Example #2 (pointers):

type T = { mutable x: @ast::expr };
fn foo(t: T) {
    alt t.x {
        @expr_binary(op, l, r) {
            t.x = @expr_unary(...);
            // op, l, and r *may* have been freed now
        }
    }
}

Today we prevent these via approximate, type-based alias analysis.

Summary

• Only allow variant patterns to be matched against immutable memory
• Only allow dereferencing (auto or otherwise) in patterns against immutable memory.
• Fix a type hole in current system where immutability does not in fact mean "won't be modified"
• In process, introduce a bound assign which refines copy to indicate types that can safely be overwritten

The solution

The basic solution is to prohibit dangerous patterns from being matched against mutable memory. A dangerous pattern is either:

• a variant pattern;
• a box pattern @P or unique pattern ~P (both of which perform a dereference).

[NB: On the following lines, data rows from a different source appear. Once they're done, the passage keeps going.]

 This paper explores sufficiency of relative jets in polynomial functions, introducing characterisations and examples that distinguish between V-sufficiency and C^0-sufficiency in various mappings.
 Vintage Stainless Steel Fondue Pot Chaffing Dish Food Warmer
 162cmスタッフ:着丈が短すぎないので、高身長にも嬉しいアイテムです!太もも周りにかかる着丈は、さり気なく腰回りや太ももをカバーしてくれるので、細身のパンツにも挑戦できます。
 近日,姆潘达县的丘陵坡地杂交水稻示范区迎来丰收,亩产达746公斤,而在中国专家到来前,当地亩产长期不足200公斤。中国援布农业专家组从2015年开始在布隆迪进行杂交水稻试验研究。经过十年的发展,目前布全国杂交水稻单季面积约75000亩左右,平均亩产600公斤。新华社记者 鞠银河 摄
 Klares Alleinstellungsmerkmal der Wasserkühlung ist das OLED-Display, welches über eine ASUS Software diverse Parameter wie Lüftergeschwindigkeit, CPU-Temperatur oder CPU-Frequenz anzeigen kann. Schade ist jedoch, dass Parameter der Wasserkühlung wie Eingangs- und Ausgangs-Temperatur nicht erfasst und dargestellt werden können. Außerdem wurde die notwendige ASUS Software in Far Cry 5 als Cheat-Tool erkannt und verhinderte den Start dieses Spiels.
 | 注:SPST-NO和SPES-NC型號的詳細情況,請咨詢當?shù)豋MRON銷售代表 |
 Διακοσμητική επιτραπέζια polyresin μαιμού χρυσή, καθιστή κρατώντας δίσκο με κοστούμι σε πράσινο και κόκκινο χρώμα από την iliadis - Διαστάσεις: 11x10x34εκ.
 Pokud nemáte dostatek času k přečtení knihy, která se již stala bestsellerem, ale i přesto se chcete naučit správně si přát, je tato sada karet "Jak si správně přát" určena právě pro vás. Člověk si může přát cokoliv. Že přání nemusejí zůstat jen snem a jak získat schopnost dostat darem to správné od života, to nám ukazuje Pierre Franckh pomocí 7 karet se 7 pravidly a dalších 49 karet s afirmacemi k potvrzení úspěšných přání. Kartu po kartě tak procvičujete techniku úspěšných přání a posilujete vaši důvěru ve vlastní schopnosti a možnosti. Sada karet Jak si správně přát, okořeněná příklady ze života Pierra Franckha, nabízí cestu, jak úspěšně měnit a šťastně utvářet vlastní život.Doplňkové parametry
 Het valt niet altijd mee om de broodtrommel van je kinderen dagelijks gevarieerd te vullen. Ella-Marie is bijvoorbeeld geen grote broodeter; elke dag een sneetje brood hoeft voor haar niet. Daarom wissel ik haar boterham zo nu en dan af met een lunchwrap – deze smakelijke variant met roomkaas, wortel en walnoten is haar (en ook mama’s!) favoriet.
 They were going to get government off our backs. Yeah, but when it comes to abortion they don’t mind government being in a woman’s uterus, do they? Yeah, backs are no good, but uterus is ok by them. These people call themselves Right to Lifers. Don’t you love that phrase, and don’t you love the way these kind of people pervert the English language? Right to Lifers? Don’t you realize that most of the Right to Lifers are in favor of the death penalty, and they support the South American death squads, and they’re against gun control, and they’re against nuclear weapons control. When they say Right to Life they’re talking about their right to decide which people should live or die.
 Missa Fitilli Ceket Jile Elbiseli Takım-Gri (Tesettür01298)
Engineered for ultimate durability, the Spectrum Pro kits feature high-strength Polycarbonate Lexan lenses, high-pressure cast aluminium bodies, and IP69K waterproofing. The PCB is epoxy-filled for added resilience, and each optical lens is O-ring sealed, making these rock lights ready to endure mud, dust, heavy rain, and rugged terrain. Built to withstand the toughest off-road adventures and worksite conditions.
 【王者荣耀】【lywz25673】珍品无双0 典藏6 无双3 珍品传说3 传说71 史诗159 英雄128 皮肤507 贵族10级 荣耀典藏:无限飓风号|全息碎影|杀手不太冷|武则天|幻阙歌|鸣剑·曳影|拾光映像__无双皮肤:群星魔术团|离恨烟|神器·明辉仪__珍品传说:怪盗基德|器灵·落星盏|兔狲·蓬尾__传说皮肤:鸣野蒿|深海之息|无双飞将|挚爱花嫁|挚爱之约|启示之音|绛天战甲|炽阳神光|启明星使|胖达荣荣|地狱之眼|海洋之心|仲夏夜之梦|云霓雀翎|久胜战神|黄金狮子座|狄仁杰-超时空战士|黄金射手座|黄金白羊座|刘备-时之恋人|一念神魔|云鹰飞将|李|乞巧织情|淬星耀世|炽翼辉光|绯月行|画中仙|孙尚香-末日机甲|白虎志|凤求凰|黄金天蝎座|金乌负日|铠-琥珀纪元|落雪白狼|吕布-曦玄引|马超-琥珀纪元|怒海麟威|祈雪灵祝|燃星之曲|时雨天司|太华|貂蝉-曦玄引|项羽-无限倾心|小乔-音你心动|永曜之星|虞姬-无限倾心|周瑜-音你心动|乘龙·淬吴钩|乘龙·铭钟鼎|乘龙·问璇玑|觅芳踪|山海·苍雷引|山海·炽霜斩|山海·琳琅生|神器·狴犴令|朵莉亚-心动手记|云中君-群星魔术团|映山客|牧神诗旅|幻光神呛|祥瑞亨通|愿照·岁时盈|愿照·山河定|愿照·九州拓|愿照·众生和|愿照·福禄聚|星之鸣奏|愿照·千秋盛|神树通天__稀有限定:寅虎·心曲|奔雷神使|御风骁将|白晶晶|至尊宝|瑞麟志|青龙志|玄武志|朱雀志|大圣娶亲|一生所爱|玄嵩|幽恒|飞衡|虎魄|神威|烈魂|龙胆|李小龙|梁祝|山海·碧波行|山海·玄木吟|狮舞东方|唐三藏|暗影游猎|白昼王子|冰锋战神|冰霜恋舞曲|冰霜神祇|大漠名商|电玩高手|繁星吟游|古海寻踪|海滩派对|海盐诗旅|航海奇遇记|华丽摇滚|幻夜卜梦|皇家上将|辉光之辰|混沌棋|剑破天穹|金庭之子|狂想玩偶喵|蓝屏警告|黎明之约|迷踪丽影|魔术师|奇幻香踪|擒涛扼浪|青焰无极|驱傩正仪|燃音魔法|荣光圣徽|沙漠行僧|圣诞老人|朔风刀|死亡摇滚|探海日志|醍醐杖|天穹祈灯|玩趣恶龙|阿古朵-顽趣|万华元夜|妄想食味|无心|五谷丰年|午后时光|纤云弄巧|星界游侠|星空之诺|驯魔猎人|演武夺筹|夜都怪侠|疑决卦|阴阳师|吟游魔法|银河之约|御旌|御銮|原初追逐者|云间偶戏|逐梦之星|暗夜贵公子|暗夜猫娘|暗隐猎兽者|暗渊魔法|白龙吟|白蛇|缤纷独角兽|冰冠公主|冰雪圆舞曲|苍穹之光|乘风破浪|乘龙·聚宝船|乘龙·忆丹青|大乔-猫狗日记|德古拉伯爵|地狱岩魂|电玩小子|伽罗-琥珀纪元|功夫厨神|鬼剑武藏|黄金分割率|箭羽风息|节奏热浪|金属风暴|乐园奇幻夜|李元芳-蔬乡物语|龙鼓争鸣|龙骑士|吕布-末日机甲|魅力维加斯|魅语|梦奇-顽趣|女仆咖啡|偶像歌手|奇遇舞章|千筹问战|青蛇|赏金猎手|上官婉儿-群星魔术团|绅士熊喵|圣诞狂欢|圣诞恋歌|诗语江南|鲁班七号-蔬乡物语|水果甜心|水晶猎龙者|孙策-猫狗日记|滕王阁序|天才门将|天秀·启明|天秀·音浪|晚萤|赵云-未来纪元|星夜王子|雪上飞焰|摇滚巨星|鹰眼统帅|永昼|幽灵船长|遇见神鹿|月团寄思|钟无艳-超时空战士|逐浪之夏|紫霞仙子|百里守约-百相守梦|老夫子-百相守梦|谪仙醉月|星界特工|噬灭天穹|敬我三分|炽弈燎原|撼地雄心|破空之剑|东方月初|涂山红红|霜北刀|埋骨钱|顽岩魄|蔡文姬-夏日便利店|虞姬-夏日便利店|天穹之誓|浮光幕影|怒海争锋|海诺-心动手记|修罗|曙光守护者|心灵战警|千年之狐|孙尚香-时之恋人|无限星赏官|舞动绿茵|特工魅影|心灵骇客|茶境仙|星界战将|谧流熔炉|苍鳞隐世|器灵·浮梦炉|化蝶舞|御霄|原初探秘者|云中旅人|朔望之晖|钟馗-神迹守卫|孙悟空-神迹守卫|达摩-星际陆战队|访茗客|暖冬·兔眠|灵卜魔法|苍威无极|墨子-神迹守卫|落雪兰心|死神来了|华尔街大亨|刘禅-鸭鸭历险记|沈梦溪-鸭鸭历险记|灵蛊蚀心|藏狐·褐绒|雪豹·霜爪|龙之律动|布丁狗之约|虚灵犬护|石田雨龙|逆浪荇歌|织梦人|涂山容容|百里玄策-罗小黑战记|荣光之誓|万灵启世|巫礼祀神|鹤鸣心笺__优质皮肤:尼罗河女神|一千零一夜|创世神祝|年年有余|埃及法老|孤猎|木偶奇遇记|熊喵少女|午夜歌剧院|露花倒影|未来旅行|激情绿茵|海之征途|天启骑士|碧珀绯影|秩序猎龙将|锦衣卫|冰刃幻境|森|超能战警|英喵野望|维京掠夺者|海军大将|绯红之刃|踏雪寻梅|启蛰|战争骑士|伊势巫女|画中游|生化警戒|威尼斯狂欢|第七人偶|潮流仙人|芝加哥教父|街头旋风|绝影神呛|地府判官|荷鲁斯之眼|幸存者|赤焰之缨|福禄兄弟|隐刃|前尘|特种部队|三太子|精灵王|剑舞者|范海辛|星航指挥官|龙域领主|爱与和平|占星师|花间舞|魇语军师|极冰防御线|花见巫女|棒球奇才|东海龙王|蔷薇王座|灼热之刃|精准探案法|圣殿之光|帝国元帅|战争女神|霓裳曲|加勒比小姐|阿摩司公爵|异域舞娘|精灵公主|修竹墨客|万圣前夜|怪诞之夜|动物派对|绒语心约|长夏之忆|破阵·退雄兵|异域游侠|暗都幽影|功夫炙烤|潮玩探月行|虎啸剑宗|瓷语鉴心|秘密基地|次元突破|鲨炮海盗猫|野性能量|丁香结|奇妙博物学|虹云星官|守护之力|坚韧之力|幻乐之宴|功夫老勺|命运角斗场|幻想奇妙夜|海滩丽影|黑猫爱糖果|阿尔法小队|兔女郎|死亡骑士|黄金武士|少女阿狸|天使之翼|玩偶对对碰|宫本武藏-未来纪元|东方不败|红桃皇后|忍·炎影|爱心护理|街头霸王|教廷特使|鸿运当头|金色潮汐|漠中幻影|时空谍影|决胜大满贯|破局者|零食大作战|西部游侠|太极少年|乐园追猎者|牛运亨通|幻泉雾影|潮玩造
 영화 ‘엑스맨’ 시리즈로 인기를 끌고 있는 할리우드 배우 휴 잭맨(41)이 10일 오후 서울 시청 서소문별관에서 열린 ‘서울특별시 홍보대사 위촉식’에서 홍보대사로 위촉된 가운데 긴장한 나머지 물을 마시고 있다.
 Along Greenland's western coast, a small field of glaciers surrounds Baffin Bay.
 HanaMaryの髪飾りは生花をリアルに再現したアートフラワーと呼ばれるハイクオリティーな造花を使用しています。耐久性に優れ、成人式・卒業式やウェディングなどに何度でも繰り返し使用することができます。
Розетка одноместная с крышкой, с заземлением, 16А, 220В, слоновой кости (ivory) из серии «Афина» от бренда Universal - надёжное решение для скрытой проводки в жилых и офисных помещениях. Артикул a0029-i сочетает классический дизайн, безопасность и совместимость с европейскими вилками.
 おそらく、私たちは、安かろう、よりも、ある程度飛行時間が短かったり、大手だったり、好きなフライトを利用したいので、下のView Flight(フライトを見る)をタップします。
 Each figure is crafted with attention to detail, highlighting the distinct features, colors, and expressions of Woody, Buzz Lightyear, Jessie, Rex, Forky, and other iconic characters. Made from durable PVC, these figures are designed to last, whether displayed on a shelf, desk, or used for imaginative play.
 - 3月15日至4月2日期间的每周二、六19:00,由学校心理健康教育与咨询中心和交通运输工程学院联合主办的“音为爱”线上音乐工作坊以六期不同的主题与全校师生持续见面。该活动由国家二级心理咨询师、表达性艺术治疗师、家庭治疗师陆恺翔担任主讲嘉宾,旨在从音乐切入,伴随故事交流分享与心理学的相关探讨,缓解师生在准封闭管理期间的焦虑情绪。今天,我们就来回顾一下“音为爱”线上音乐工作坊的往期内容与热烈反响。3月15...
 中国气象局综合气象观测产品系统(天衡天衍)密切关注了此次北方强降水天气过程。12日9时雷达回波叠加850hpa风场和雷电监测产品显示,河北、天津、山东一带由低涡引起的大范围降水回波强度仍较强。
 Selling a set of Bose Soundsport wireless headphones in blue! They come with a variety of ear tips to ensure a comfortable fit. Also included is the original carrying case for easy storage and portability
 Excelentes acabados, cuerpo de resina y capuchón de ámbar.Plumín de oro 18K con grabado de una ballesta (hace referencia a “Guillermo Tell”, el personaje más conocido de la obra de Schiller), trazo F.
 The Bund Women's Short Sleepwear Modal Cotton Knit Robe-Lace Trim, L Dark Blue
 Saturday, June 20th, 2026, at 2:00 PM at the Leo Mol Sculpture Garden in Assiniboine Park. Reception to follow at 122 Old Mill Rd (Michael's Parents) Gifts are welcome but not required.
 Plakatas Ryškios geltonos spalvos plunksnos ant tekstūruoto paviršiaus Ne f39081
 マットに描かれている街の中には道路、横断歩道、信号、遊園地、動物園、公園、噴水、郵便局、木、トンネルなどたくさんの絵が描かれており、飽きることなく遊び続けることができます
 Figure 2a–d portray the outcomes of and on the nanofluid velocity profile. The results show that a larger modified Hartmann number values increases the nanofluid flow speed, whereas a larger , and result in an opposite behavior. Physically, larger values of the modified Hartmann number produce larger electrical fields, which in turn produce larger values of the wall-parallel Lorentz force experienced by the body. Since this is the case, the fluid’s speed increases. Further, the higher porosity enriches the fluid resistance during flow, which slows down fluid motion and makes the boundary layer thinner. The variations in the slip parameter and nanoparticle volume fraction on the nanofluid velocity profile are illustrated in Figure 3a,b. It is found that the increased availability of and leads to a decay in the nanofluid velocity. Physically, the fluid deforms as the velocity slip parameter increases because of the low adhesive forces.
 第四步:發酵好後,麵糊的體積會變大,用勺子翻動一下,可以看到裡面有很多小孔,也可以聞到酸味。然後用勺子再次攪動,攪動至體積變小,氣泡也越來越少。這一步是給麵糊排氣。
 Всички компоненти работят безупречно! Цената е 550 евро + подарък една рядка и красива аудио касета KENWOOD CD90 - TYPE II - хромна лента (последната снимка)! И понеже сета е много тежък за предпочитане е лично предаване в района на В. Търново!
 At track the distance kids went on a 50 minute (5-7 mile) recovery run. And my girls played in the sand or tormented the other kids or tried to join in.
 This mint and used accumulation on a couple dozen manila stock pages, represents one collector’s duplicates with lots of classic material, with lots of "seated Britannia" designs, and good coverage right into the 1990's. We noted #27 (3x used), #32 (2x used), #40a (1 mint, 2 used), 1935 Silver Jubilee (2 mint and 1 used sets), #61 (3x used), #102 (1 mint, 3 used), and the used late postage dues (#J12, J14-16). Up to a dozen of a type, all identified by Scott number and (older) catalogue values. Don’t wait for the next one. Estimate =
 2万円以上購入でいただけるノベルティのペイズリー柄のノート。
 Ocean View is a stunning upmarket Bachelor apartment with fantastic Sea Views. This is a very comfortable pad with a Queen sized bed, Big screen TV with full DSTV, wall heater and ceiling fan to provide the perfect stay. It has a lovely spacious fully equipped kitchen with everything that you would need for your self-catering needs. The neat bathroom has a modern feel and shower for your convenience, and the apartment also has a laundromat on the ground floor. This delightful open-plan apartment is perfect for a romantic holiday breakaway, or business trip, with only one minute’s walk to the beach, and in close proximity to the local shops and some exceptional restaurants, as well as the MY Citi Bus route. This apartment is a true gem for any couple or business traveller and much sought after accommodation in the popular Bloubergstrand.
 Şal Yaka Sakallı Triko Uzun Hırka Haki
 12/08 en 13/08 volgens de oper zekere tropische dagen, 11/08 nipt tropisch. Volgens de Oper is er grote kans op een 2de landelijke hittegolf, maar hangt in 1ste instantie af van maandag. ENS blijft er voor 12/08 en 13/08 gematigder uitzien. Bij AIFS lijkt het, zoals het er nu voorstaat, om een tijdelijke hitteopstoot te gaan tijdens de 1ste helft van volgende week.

By design, our type system distinguishes potentially mut memory from other memory (or it's supposed to, see details below). Therefore, we simply modify pattern matching so that matching a variant against mut memory is a static error. We also allow patterns to be preceded by a copy keyword, in which case the match occurs not against the structure itself but instead against a temporary copy of the structure's contents onto the stack. A copy of an enum variant will guarantee that it remains immutable; a copy of an @ or ~ pointer will guarnatee that the value being matched against remains live.

Example:

type T = {
    f: ast::expr,
    mut g: ast::expr,
    mut h: @ast::expr,
};
fn foo(t: T) {
    alt t.f {
        // OK: t.f is immut
        expr_binary(...) { }
        ...
    }
    
    alt t.g {
        // ERROR: t.g is mut
        expr_binary(...) { }
        
        // OK: pattern is copied.
        // Alternatively, you could
        // do `match copy t.g`.
        // This inline copy form is provided
        // to support nested patterns.
        // Perhaps it is not needed.
        copy expr_binary(...) { }
        
        ...
    }
    
    alt t.h {
        // OK: t.h is mut, but what's
        // being matched here is the autoderef'd
        // box, which is immut.
        expr_binary(...) { }
        ...
    }
}

Defining mut memory

We already have a definition for when an lvalue is mutable. The algorithm is given in mut.rs and we can reuse it. However, there is a hole in our type system (see Appendix A) which actually makes this algorithm unsound (and, indeed, the type system itself, which treats supposedly immutable fields covariantly, and probably alias analysis too). We must therefore close this hole first (we should do this anyway).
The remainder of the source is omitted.